Throughout my first 1.5 years of residency I have been on pretty steady decline. The bowel symptoms are about the same, perhaps a little worse. The pain is getting pretty unbearable. I had a ganglion impar block, the relief wasn't very long lasting. I now cannot sit anywhere without a gel cushion with the middle cut out (I use the purple seat cushion, which has been pretty helpful.) This includes flat surfaces that I was previously able to sit on while leaning forward. If I dare sit on any sort of cushion I will have discomfort for a couple of days, which usually manifests by the rectal obstruction and pelvis malalignment. I have become overly sensitive to any light touch of my butt area. I find myself constantly looking around me to ensure no-one brushes against it. I can't wear most of my clothes, partly because I've gained some weight with not being able to regularly exercise (and residency), and partly because any tight fit closing makes my tailbone feels as if it is being crushed further inside me. Hiking was something I could count on doing without much pain, in fact it usually helped it. Now I am finding walking downhill very uncomfortable. I went paddle-boarding while on vacation and every small wave that hit the board caused severe discomfort. Where I was in med school, when I could sit at a restaurant or at a game, doesn't seem so bad now.

I'm not really sure what is causing my symptoms to seemingly spiral out of control; if it a result of the fall I had, introducing cycling back into my life, the stress of residency wearing down on me, or just chronic inflammation finally starting to cause some degeneration. It has now caused me depression and anxiety, weight gain (I've even had mild hypertension on my last few checks,) relationship problems. I decline most offers from friends about fun things to try, like skiing, rafting, mountain biking (of course.) Just about everyone knows about my tailbone as I carry around my seat like a briefcase through the hospital. Everyone is supportive, with my girlfriend Claudia being the most so. She schedules my appointments for me (since I often don't do them myself as I think they are pointless.) She introduced me to and made lists of specialists I could reach out too. I am constantly irritable and she still tries to help me.

Yesterday I had a phone appointment with a neurosurgeon Dr.
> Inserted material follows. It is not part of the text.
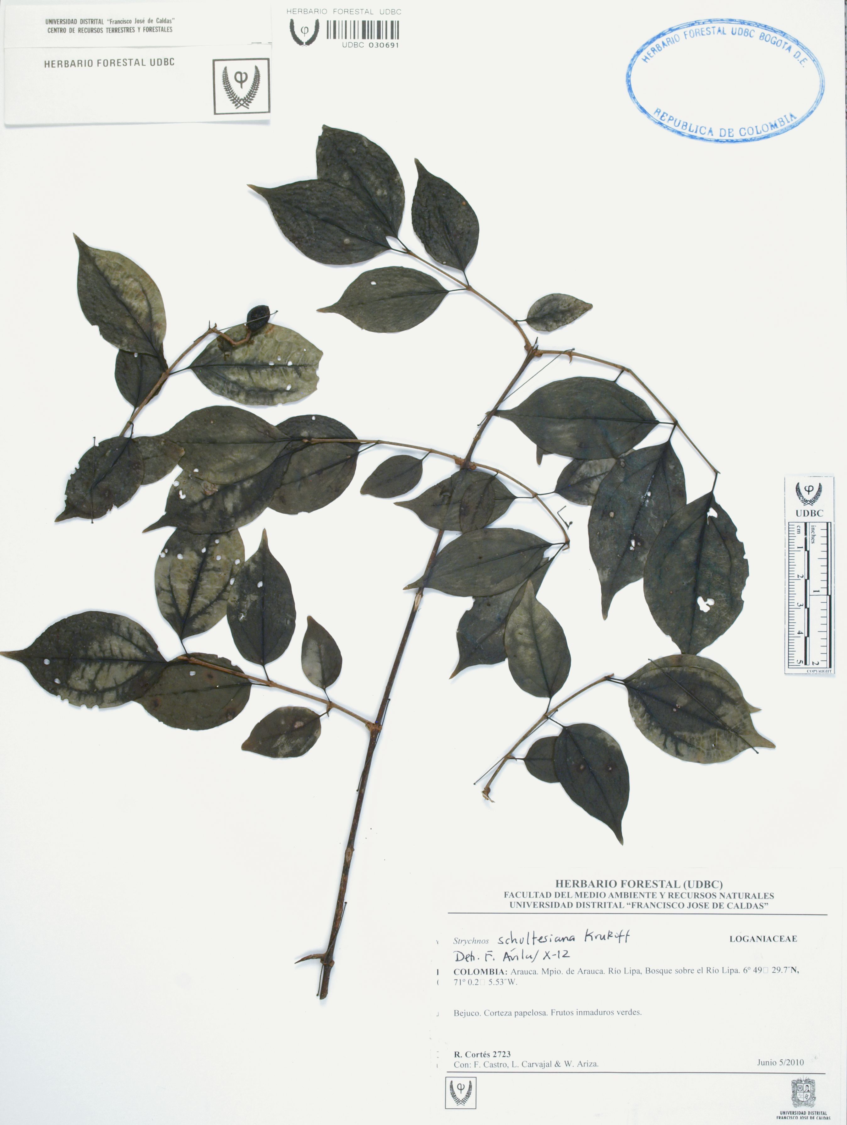 Fotografía del ejemplar Cortés-B., R. 2723, determinado como Strychnos schultesiana en el año 2012

Schrot in Sacramento (see Doctors and specialists in the USA, California)(No one in NM does coccygectomies I guess.) He and some of the testimonials on gave me some hope that I could get some relief from this. I am nervous to have surgery, all of the doctors I've seen for this (none experts,) have told me surgery is not a viable option due to the lack of efficacy and high complication rate. I am nervous about the chance of infection (10-30%) which would probably require an additional wash-out operation, and prolong healing. I'm nervous about it not working and having nothing else to turn to. I am writing this from night-call shift at the hospital, trying to decide what to do. It is hard to fully comprehend how much this has affected my life, as this has been my new normal for 4 years. I think the clear choice after putting all of this together is to go forward with it. Thanks for everyone who has read this, and I hope to give good news after my operation.